▶ [EXCERPTED DATA]
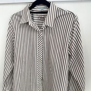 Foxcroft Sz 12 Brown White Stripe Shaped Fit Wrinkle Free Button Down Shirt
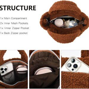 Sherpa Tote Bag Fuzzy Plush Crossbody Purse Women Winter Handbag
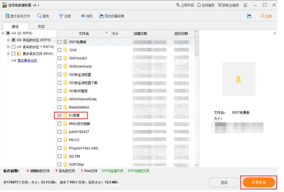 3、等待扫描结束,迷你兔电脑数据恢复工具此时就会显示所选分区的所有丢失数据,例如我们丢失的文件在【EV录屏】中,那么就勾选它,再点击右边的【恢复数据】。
---
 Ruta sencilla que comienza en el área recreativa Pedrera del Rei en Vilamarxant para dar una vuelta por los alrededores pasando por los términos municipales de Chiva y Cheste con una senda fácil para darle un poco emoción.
--
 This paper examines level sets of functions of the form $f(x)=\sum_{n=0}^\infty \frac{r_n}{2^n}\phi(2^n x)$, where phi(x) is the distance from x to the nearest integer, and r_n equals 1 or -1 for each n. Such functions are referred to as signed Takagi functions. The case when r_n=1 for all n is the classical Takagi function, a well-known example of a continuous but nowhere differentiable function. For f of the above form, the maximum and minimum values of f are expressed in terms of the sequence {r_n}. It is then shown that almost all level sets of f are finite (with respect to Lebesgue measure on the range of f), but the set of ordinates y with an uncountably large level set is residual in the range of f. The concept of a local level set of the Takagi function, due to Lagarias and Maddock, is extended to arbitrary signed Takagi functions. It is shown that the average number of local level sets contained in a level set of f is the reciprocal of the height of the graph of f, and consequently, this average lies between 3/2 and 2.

▶ [TASK DETAILS] Look above for the line containing "Foxcroft Sz 12" and the line containing "3、等待扫描结束,迷你兔电脑", then reproduce both and everything between them exactly, pictures omitted.

▶ [ANSWER TO THIS TASK]
 Foxcroft Sz 12 Brown White Stripe Shaped Fit Wrinkle Free Button Down Shirt
 Sherpa Tote Bag Fuzzy Plush Crossbody Purse Women Winter Handbag
 3、等待扫描结束,迷你兔电脑数据恢复工具此时就会显示所选分区的所有丢失数据,例如我们丢失的文件在【EV录屏】中,那么就勾选它,再点击右边的【恢复数据】。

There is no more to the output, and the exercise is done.